1.2 Gemäß § 113 Abs. 1 Satz 1 VwGO ist der Bescheid der Beklagten vom 24.03.2016 nicht aufzuheben, weil er rechtmäßig und die Klägerin dadurch nicht in ihren Rechten verletzt ist.
1.2.1 Der Bescheid ist formell rechtmäßig, insbesondere wurde er von der Stadt H. als der gemäß Art. 3 Abs. 1 Nr. 3 a) BayVwVfG örtlich zuständigen Ausländerbehörde erlassen. An dieser Zuständigkeit hat sich, wie dargelegt, durch den Umzug der Klägerin in den Landkreis H. nichts geändert.

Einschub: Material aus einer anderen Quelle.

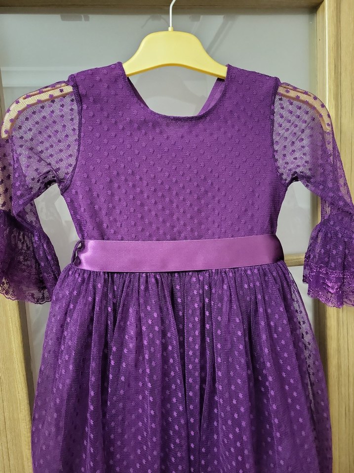 Mor renkte, dantel detaylı uzun kollu, V yakalı ve beden oturan klasik tarzda kız çocuk elbisesi. Canlı renkleriyle şık bir seçenek.
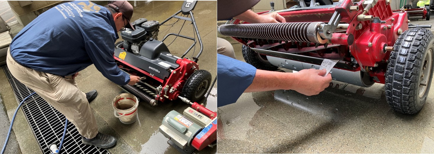 芝刈機は葉のダメージ回復や仕上がり後の美しさの点で、鋭利でよく切れる刃である必要があります。そこで芝刈機の使用後には必ず洗浄して「ラッピング」と呼ばれる研磨作業を行います。リール刃(回転刃)とベットナイフ(下刃)の嚙み合わせや切れ味を新聞紙を使って確認したあと、コンパウンドという研磨剤を塗布します。リール刃は専用の機械で逆回転させて、二つの刃のすり合わせで研磨されていきます。
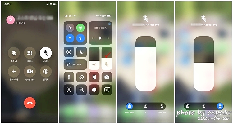 에어팟 프로를 착용하고 통화할 때 아이폰에 표시되는 화면과 폰에서 노이즈 캔슬링과 주변음 허용 모드를 조절할 수 있어요.
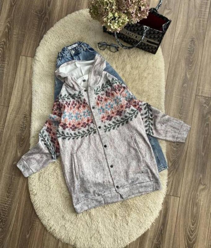 Удлиненный свитер на пуговицах с капюшоном размером XL, можно L, состав полиэстер, длина 78см, полуобхват груди 59см., низ 55см., длина рукава от горловины 76см. Стан идеален.

1.2.2 Der Bescheid ist auch materiell rechtmäßig, da im maßgeblichen Zeitpunkt der gerichtlichen Entscheidung (BVerwG, Urteil vom 16.07.2015 – 1 C 22/14, Rn. 11, juris) die Voraussetzungen des § 5 Abs. 4 Satz 1 FreizügG/EU füllt sind, wonach der Verlust des Rechts auf Einreise und Aufenthalt nach § 2 Abs. 1 FreizügG/EU festgestellt werden kann, wenn die Voraussetzungen dieses Rechts innerhalb von fünf Jahren nach Begründung des ständigen rechtmäßigen Aufenthalts im Bundesgebiet entfallen sind oder nicht vorliegen.

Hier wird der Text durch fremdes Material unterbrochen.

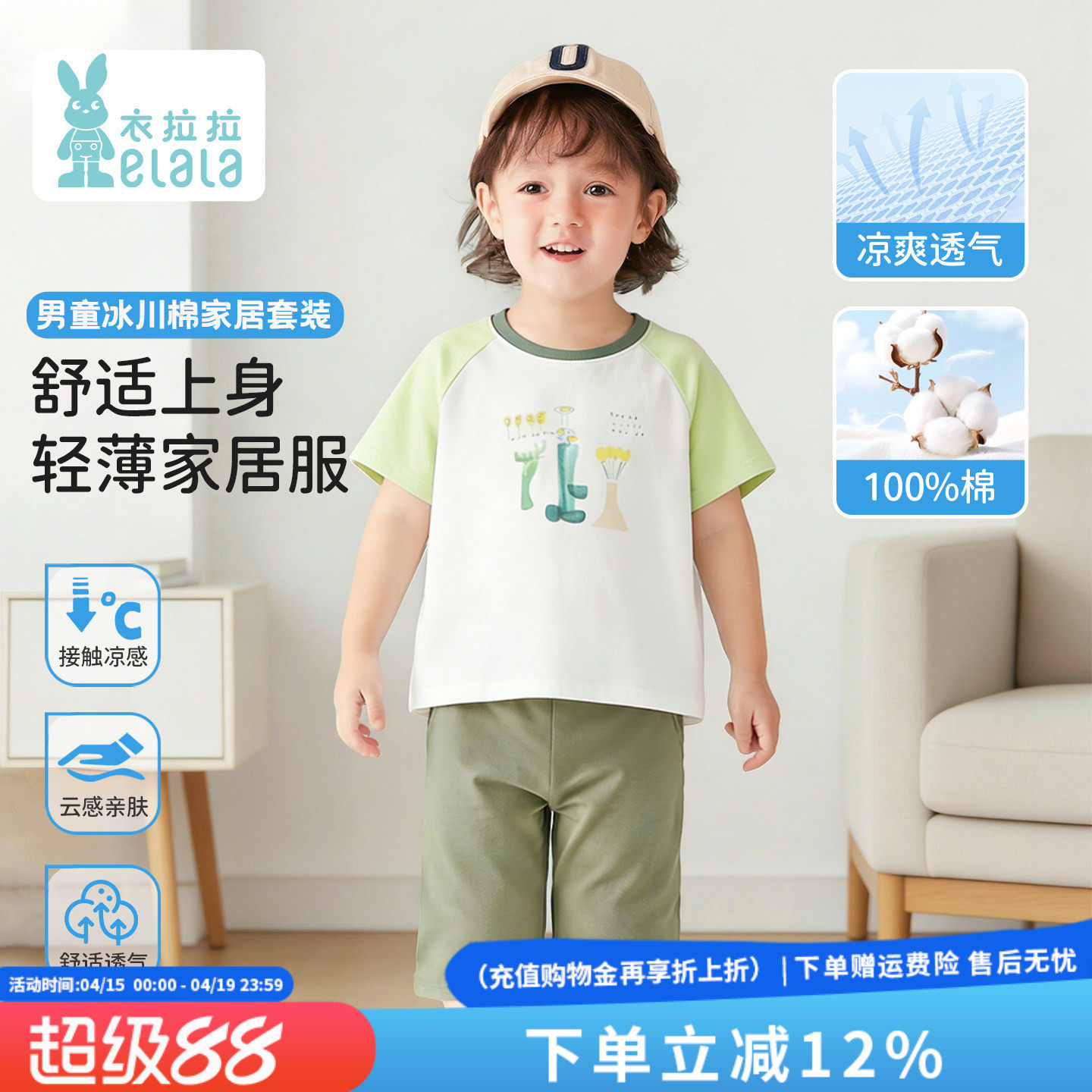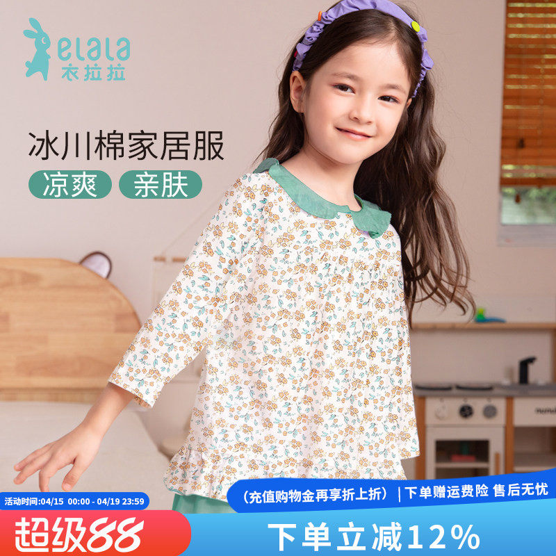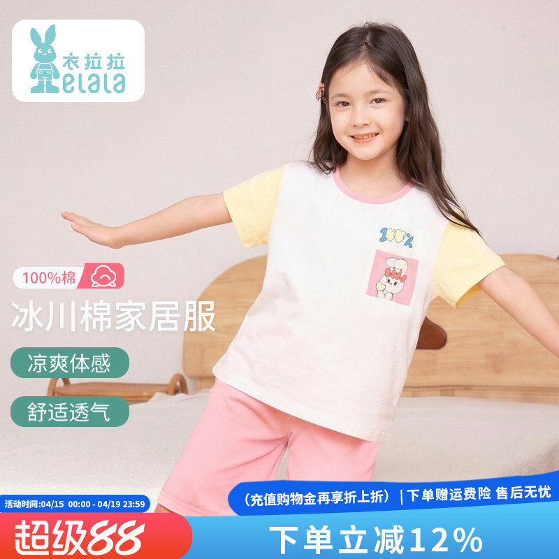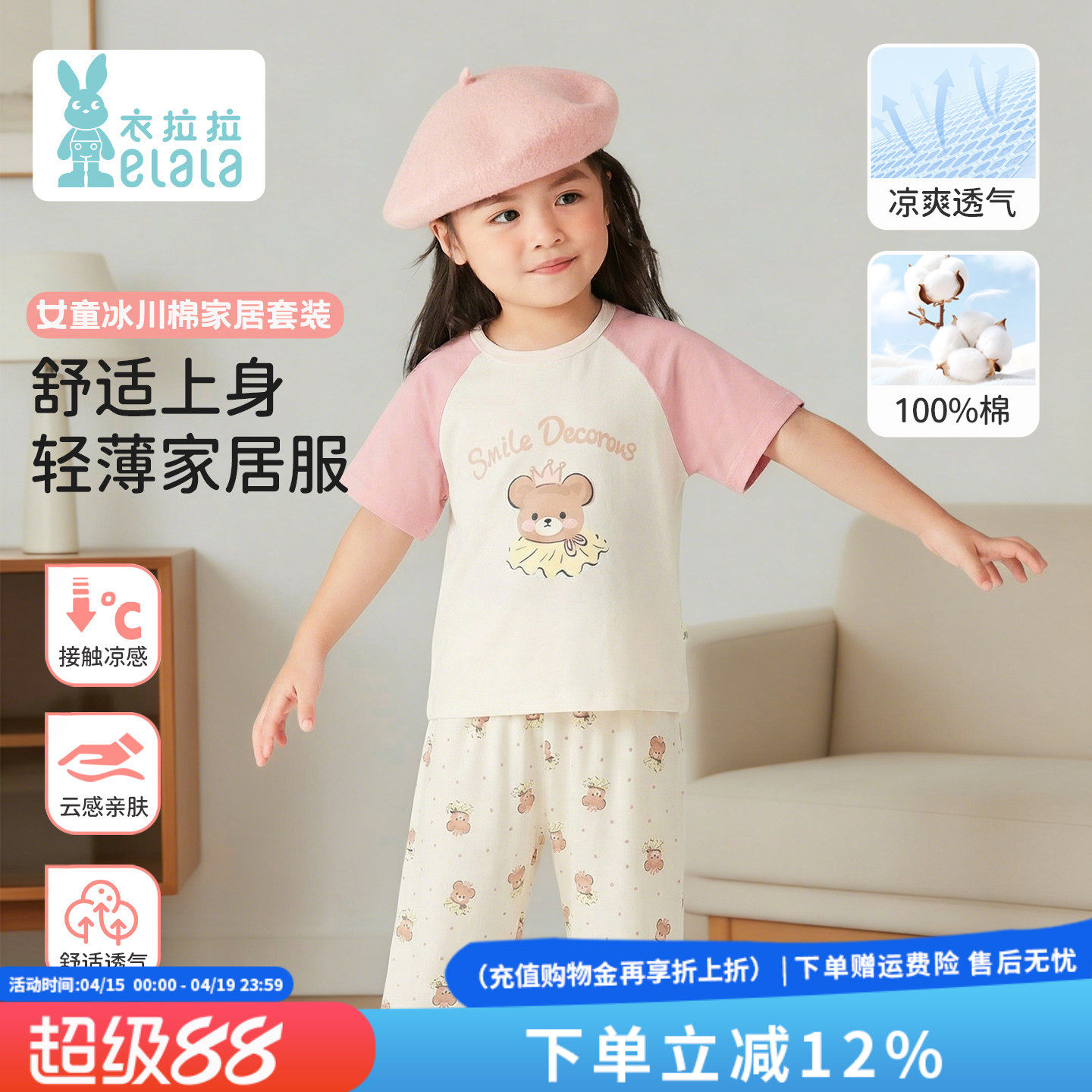衣拉拉2026夏季1-10岁女童纯棉家居服薄款宝宝睡衣冰川棉短袖套装

Das Gericht verweist zunächst auf die Gründe des Prozesskostenhilfebeschlusses vom 21.06.2016. Eine zwischenzeitliche Änderung der Sach- und/oder Rechtslage ist nicht eingetreten.
Ferner schließt sich das Gericht der rechtlichen Würdigung des Bayerischen Verwaltungsgerichtshofs an, der die im ablehnenden Prozesskostenhilfebeschluss vom 21.06.2016 getroffene Feststellung, dass die Klägerin weder in eigener Person noch als Familienangehörige freizügigkeitsberechtigt gemäß § 2 Abs. 1 in Verbindung mit Abs. 2 bzw. Abs. 3 FreizügG/EU ist, mit Beschluss vom 16.10.2017 (Az.: 19 C 16.1361) bestätigt hat. Die Klägerin habe weder eine selbständige Erwerbstätigkeit als Schrotthändler im Sinne von § 2 Abs. 2 Nr. 2 FreizügG/EU nachgewiesen, noch Gründe für die Einstellung der behaupteten selbständigen Erwerbstätigkeit benannt und auch nicht dargelegt, aus welchen Gründen sie auf die Umstände der Einstellung der angeblichen selbständigen Tätigkeit keinen Einfluss hatte (§ 2 Abs. 3 Nr. 2 FreizügG/EU). Eine Freizügigkeitsberechtigung der Klägerin als nicht erwerbstätige Unionsbürgerin scheitere am Vorliegen ausreichender Existenzmittel (§ 2 Abs. 2 Nr. 5, § 4 FreizügG/EU). In diesem Zusammenhang hat sich der Bayerische Verwaltungsgerichtshof auch mit der Rechtsprechung des Gerichtshofs der Europäischen Union auseinandergesetzt, wonach die Inanspruchnahme von Sozialhilfeleistungen nicht automatisch einen Verlust des Freizügigkeitsrechts zu begründen vermag, sondern vielmehr eine unangemessene Inanspruchnahme von Sozialhilfeleistungen erforderlich ist. Letzteres hat der Bayerische Verwaltungsgerichtshof unter Berücksichtigung der langjährigen, vollumfänglichen Inanspruchnahme von Sozialhilfeleistungen seitens der Klägerin bejaht. Schließlich hat er auch die Ermessensausübung der Beklagten nicht beanstandet. Die Klägerin ist der rechtlichen Würdigung des Bayerischen Verwaltungsgerichtshofs nicht entgegengetreten.
2. Die Klage wird daher mit der Kostenfolge des § 154 Abs. 1 VwGO, wonach der unterliegende Teil die Kosten des Verfahrens trägt, abgewiesen. Die Entscheidung über die vorläufige Vollstreckbarkeit der Kostenentscheidung beruht auf § 167 VwGO in Verbindung mit § 708 Nr. 11 ZPO.